Endpoint: POST https://llm.ai-nebula.com/v1beta/models/{model}:batchEmbedContents Request body example:
{
  "requests": [
    {"content": {"parts": [{"text": "First text"}]}},
    {"content": {"parts": [{"text": "Second text"}]}}
  ]
}
Response is an array, one embedding per request.

Error handling

Errors are returned as HTTP status codes and JSON body, for example:
{
  "error": {
    "code": 400,
    "message": "Invalid request: ...",
    "status": "INVALID_ARGUMENT"
  }
}
Common cases:
StatusMeaning
400Invalid request (e.g. missing contents, unsupported parameter)
401Authentication failed (invalid or missing API key)
404Model not found or wrong path
429Rate limited; retry later
500Server error
Parse error.message in your client and handle retries or user messaging accordingly.

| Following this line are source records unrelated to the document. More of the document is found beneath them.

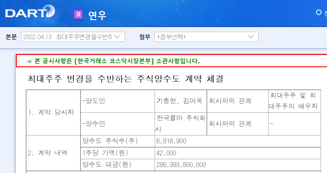 매수고 22,000원 에, 한국콜마 인수가 42,000원. 괴리율 80% 이상.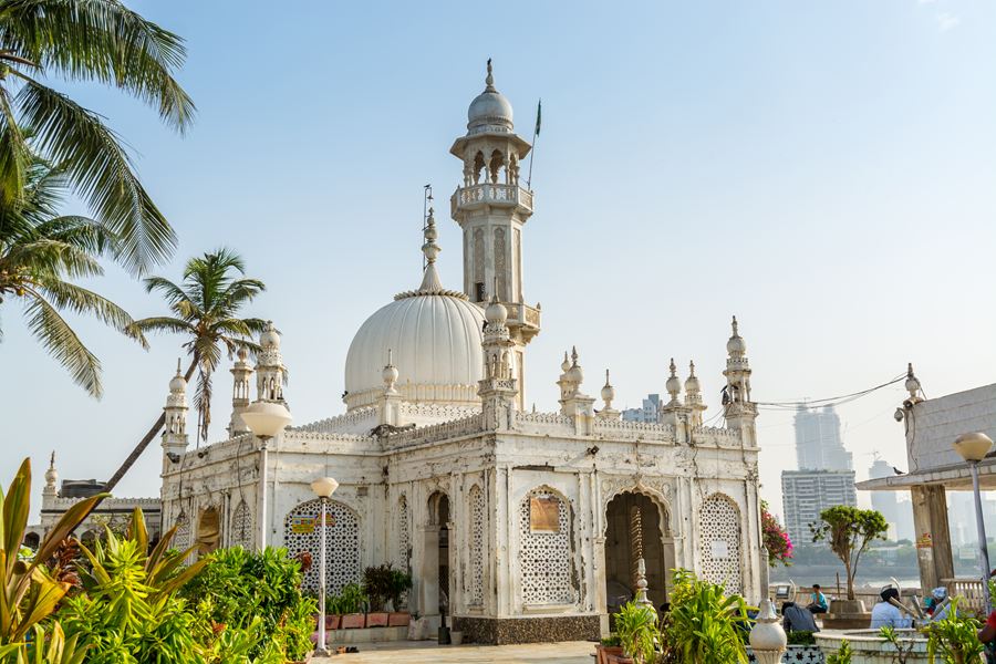 Haji Ali Dargah to miejsce rozpoznawalne już z daleka dzięki swojej niezwykłej lokalizacji. Mauzoleum i meczet znajdują się na niewielkiej wysepce na Morzu Arabskim, połączonej z lądem wąską groblą. Odwiedzając to miejsce, od razu zauważycie, że rytm zwiedzania wyznacza tu natura – droga prowadząca do sanktuarium jest dostępna tylko podczas odpływu. Haji Ali Dargah powstało w XV wieku i jest poświęcone świętemu muzułmańskiemu, Haji Aliemu Shahowi Bukhariemu, bogatemu kupcowi, który porzucił życie doczesne i poświęcił się duchowości. Według tradycji przed śmiercią polecił, by jego ciało umieszczono w trumnie wrzuconej do morza. Legenda głosi, że trumna zatrzymała się właśnie w miejscu, gdzie dziś stoi mauzoleum. Architektura obiektu łączy elementy islamu z lokalnymi wpływami indyjskimi. Biała bryła kontrastuje z błękitem morza, a wnętrze zdobią misternie rzeźbione marmury i dekoracje. Haji Ali Dargah jest miejscem pielgrzymek nie tylko dla muzułmanów – przychodzą tu również wyznawcy innych religii, wierząc w duchową moc tego miejsca i możliwość spełnienia próśb. Przez lata sanktuarium było narażone na silne działanie fal i erozję. Dopiero w XXI wieku przeprowadzono kompleksowe prace wzmacniające konstrukcję i groblę. Warto też wiedzieć, że w 2016 roku obiekt znalazł się w centrum debaty społecznej dotyczącej dostępu kobiet do części mauzoleum, co zakończyło się przywróceniem im pełnych praw wstępu.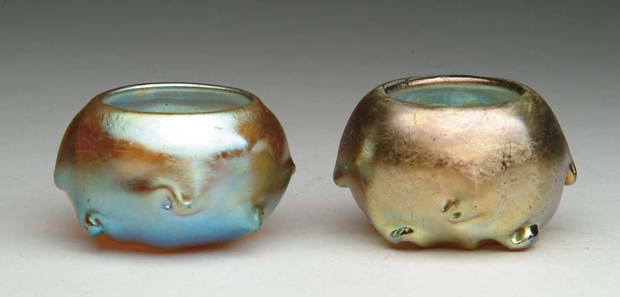 TWO TIFFANY SALTS. Very nice pair of Tiffany salts has pigtail design circling the salts with rich gold iridescence showing flashes of blue. Signed on the underside “LCT”. SIZE: 1-3/4 in. dia. CONDITION: Very good to excellent. 5-61533 (900-1,200)

Comparison with OpenAI format

ItemGemini NativeOpenAI (/v1/chat/completions)
Base path/v1beta/models/{model}:generateContent/v1/chat/completions
AuthAuthorization: Bearer sk-xxx or x-goog-api-keyAuthorization: Bearer sk-xxx
Message formatcontents[].parts[] (text/inlineData/fileData)messages[].content (string or array)
System promptsystemInstruction.partsmessages with role: "system"
StreamingstreamGenerateContent?alt=ssestream: true
ThinkingthinkingConfig or model suffixModel suffix (e.g. -thinking)
Toolstools[].functionDeclarationstools[].function (OpenAI shape)
Typical clientsGoogle SDK, custom HTTP clientOpenAI SDK, OpenAI-compatible clients
Use the native endpoint when you rely on Google Gemini tooling or need Gemini-specific fields (e.g. thinkingConfig, native multimodal parts). Use /v1/chat/completions when you want to stay within the OpenAI ecosystem.